Review: Megan Boyle’s “Selected Unpublished Blog Posts of a Mexican Panda Express Employee”

Review: Megan Boyle’s “Selected Unpublished Blog Posts of a Mexican Panda Express Employee”


“Some moments are not meaningful at all,” Megan Boyle writes on 4.03.2009 in Selected Unpublished Blog Posts of a Mexican Panda Express Employee.

When I read this line, I felt like something or other had come “full circle.” Megan Boyle, mascot of a genre of “Bret Easton Ellis-Meets-Gchat” literature, was echoing a statement that ironically led to my own quitting of chat for about 7 years. I made this decision when it occurred to me that I had just wasted about 2 hours of my life playing “devil’s advocate” to my friend Hunter, who was off his meds and wanting to talk about how “every moment of your life is amazing.”

But Hunter is not your average BEEMGC reader. Last time I saw him at the grocery store, he explained that he avoids phones and the Internet these days to “get back to nature,” using a peach as a metaphor for intersubjective consciousness (or something).

Megan Boyle, whose native environment is text and chat, does not have these ambitions. It seems as if her main goal – at least right now – is to express what life is really like, no matter the consequences.

Influential women are supposed to tell younger girls not to diet, to be positive, to use condoms or else. Megan fights against this forced “productive sentiment” by directly stating that she’s had sex with 20+ guys, many sans condom, without getting an STD or getting pregnant. She’ll say that she picks her nose and barfs up vodka with blood, and that Xanax “feels sort of like being slowly fucked in oppressive heat.” But while many writers overshare in a way that says, “I’m so quirky but loveable because I’m a down-to-earth bro girl,” Megan will go even beyond that. She’ll talk about her negative body image, her attempts to diet and exercise, her desire to have a boyfriend for “2-5 years” despite pretending to not be into relationships. Reading her book is a type of honesty far more true and grim than Tina Fey-style witty self-deprecation.
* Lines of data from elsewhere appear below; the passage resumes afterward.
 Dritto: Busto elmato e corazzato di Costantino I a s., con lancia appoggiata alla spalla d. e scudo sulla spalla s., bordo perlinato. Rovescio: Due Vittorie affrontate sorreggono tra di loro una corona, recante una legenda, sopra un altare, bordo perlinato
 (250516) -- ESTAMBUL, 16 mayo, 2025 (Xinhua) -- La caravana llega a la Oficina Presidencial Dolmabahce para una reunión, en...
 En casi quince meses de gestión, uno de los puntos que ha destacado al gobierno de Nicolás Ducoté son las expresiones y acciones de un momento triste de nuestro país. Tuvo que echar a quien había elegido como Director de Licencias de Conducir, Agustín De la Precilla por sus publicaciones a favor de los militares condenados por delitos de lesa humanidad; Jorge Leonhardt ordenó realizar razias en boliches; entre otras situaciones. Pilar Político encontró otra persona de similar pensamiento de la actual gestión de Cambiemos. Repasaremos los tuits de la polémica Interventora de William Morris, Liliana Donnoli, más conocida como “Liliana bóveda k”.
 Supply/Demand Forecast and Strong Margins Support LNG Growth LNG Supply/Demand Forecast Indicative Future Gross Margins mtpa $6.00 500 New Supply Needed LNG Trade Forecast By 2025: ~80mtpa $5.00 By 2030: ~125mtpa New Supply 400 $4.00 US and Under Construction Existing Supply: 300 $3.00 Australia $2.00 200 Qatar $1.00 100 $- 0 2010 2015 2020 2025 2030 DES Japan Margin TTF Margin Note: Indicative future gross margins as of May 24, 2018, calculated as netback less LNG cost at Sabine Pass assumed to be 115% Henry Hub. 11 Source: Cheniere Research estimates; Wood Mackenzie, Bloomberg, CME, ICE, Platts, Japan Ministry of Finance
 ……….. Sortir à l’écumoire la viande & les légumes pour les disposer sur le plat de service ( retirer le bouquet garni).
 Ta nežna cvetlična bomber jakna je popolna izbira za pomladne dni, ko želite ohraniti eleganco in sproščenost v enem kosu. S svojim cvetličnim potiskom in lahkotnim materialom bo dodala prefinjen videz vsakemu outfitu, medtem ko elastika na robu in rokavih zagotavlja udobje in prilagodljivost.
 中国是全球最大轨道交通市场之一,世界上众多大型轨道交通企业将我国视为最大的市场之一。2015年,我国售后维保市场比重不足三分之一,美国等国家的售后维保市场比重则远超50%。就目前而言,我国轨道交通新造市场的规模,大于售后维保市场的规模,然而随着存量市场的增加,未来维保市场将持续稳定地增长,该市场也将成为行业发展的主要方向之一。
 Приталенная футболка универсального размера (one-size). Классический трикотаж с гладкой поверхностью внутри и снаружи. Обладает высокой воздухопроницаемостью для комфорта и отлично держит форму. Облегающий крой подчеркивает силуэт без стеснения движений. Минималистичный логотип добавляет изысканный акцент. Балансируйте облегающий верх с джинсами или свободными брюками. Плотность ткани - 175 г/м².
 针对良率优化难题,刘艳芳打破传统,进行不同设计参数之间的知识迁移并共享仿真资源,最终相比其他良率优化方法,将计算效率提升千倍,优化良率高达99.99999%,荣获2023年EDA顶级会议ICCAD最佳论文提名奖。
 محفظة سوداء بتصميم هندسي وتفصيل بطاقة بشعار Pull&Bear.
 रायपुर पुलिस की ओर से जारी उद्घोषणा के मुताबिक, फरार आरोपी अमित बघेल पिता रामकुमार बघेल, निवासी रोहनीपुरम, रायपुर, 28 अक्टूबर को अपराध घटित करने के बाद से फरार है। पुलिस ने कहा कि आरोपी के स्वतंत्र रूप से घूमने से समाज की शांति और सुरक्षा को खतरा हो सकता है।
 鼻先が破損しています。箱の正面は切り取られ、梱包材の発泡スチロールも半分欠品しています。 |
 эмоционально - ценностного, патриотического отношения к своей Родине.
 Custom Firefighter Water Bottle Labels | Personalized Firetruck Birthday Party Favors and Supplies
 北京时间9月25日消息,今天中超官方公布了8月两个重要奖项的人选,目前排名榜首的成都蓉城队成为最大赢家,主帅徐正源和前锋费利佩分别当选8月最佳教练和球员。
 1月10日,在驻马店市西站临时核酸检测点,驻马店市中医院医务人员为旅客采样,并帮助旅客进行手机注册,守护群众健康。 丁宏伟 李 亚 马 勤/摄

Unlike comedy writers, Boyle is not interested in using humor to mask the pain. The sadness is there, and the humor is just a product of her being genuinely funny, mostly because she’s so relatable. It’s hard not to read many of her statements and think, “She is just like me. We are such fucking twins.”

“I think I drink because i’d rather not be in a social situation and drinking makes it easier and more fun,” she admits to her co-worker, while wondering if her co-worker has just lost all respect for her.

She cringes when a woman in her philosophy class has to report on her answer to “Is Megan living her life the fullest?” and she replies inaccurately, “Megan said she was 72% living her life to the fullest because she tries to make the best of every situation.” I related so hard that I giggled out loud in my bed.

I almost felt like I was reading my own diary when she rants about how she didn’t like a movie (“Away We Go”) for so long that has to apologize to her mom, who “looked at the wall and appeared lost in thought and said it was okay in a sad voice.”

In many ways, this book feels like a young adult novel that teenagers will use to gauge whether they are “normal” or not as they enter their 20s. Even the thin paper and small font remind me of scandalous confessionals about everything from desperately wanting to get your period to crack abuse.

But despite her negativity and insecurity, it’s clear that Megan Boyle is likeable because she’s thoughtful, witty and comfortable with herself. In the short poem/post “elevated self-esteem as a result of alcohol consumption,” she writes simply:

i want to go to the gym
and pretend the weight machines are drums
and play the longest drum solo on them

everyone will stop working out
to look at me
gradually, a crowd will gather
people will nod their heads
and whisper to each other
‘what is she doing?’
“i don’t know, but i like it’

My first thought was to picture my mom cracking up and thinking, “Well isn’t she so cute!?

Something for everyone? Not quite. But Selected Unpublished Blogposts is worth the less than 2 hours it takes to read. The only problem with it is that it seems so effortless that it’s bound to spawn copycats all over the world, many of them lacking the originality and talent that made Megan Boyle and her husband Tao Lin so blogger famous.